→ **Work item**:
Starting from the line with "Abstract: Cartolina in" and going up to and including the line with "보다 자세한 사항은 고령군 평생교육포털 공지사항에서 확인할 수 있다.", copy the listing below exactly. Leave all images out.

→ **The records**:
----------
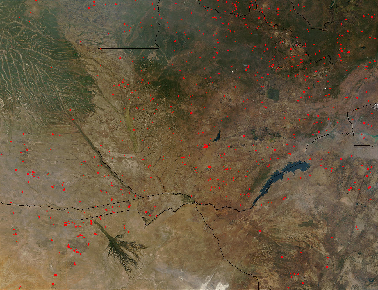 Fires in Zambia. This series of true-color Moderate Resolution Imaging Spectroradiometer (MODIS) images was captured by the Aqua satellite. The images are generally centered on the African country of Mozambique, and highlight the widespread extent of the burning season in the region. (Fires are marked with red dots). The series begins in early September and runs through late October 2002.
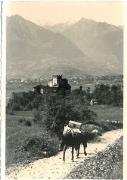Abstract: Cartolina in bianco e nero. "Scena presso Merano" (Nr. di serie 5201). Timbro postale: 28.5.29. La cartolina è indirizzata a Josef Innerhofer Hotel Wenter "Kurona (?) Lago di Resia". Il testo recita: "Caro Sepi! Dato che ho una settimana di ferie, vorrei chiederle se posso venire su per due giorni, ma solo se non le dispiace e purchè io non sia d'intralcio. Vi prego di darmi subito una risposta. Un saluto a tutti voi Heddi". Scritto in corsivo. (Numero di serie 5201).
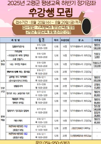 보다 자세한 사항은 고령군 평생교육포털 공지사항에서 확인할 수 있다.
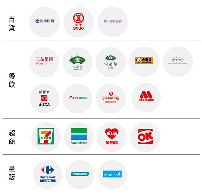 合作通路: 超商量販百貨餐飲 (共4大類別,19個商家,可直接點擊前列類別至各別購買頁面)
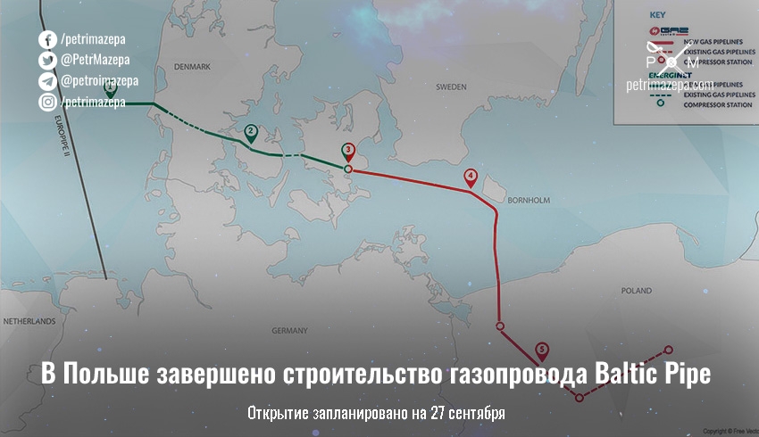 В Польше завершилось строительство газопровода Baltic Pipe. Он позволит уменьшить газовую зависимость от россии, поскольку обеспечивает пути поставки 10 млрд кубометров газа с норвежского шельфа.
----------
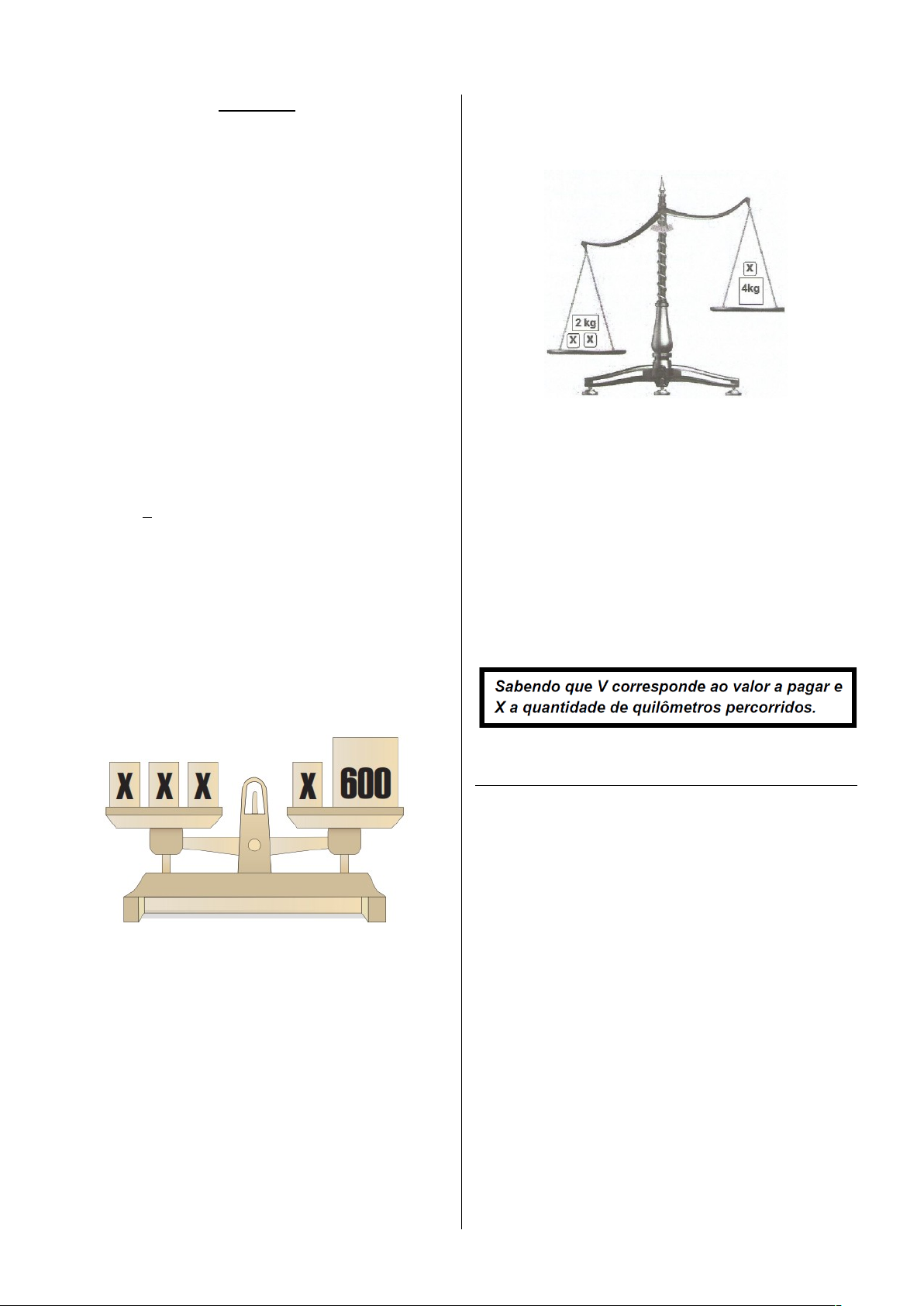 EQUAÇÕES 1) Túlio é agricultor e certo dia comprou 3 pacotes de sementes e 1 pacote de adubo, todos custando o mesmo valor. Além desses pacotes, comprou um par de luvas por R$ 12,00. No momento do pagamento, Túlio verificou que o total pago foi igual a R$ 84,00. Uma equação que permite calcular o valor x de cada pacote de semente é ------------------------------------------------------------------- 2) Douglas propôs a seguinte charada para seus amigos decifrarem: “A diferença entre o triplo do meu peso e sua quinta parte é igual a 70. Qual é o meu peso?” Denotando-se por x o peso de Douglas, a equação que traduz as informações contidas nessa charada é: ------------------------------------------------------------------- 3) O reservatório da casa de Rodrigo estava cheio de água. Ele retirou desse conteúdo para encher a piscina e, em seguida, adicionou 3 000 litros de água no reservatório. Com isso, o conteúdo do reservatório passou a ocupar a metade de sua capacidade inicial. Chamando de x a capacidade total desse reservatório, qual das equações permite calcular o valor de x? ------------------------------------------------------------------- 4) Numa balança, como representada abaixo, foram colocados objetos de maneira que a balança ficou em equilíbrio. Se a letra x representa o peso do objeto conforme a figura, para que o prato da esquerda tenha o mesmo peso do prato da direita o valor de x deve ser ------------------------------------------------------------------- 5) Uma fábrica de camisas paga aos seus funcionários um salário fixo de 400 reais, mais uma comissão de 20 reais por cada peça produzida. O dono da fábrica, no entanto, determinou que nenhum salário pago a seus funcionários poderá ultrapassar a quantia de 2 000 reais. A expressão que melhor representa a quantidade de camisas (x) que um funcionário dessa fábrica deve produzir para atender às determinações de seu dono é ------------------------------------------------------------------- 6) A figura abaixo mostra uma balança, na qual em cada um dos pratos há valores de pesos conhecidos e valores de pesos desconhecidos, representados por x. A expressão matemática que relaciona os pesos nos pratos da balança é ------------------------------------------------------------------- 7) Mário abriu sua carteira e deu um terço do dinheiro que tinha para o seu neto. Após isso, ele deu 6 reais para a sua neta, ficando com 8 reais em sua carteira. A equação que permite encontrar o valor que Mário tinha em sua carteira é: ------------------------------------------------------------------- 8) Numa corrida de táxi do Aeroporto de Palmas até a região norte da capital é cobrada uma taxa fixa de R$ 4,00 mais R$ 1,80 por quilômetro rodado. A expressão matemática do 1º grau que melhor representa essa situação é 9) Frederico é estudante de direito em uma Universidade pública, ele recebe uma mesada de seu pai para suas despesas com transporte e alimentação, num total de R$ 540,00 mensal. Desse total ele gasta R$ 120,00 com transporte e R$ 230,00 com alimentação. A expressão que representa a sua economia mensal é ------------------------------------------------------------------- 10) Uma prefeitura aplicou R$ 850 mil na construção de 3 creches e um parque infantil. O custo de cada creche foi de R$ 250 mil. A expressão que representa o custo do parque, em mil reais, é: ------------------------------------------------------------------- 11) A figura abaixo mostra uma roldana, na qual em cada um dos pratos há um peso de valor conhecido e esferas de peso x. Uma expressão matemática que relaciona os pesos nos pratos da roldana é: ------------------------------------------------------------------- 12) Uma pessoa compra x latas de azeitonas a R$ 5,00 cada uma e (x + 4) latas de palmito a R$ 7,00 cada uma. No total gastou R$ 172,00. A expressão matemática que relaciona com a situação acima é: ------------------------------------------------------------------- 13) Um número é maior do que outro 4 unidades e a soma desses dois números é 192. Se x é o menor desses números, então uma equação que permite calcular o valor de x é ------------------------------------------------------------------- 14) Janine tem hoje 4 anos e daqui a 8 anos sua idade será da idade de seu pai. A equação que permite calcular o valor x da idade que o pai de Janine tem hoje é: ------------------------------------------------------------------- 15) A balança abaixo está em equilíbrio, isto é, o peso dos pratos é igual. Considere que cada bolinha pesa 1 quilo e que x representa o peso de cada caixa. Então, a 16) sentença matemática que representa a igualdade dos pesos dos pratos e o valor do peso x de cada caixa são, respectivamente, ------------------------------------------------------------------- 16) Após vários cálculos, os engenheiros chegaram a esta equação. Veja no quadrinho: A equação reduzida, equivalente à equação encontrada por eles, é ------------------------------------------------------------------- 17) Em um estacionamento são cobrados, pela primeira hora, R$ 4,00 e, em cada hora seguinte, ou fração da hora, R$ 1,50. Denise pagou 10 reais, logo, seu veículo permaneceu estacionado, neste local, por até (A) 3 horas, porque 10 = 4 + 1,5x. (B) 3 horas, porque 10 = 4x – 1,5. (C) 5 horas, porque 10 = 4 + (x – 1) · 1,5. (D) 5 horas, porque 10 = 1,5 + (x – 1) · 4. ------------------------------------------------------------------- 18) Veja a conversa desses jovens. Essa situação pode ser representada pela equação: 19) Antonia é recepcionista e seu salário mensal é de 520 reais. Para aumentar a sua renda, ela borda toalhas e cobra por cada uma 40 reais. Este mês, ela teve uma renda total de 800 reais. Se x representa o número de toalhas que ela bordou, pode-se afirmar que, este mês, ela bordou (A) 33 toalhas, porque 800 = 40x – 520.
----------
→ **Task result**:
Abstract: Cartolina in bianco e nero. "Scena presso Merano" (Nr. di serie 5201). Timbro postale: 28.5.29. La cartolina è indirizzata a Josef Innerhofer Hotel Wenter "Kurona (?) Lago di Resia". Il testo recita: "Caro Sepi! Dato che ho una settimana di ferie, vorrei chiederle se posso venire su per due giorni, ma solo se non le dispiace e purchè io non sia d'intralcio. Vi prego di darmi subito una risposta. Un saluto a tutti voi Heddi". Scritto in corsivo. (Numero di serie 5201).
 보다 자세한 사항은 고령군 평생교육포털 공지사항에서 확인할 수 있다.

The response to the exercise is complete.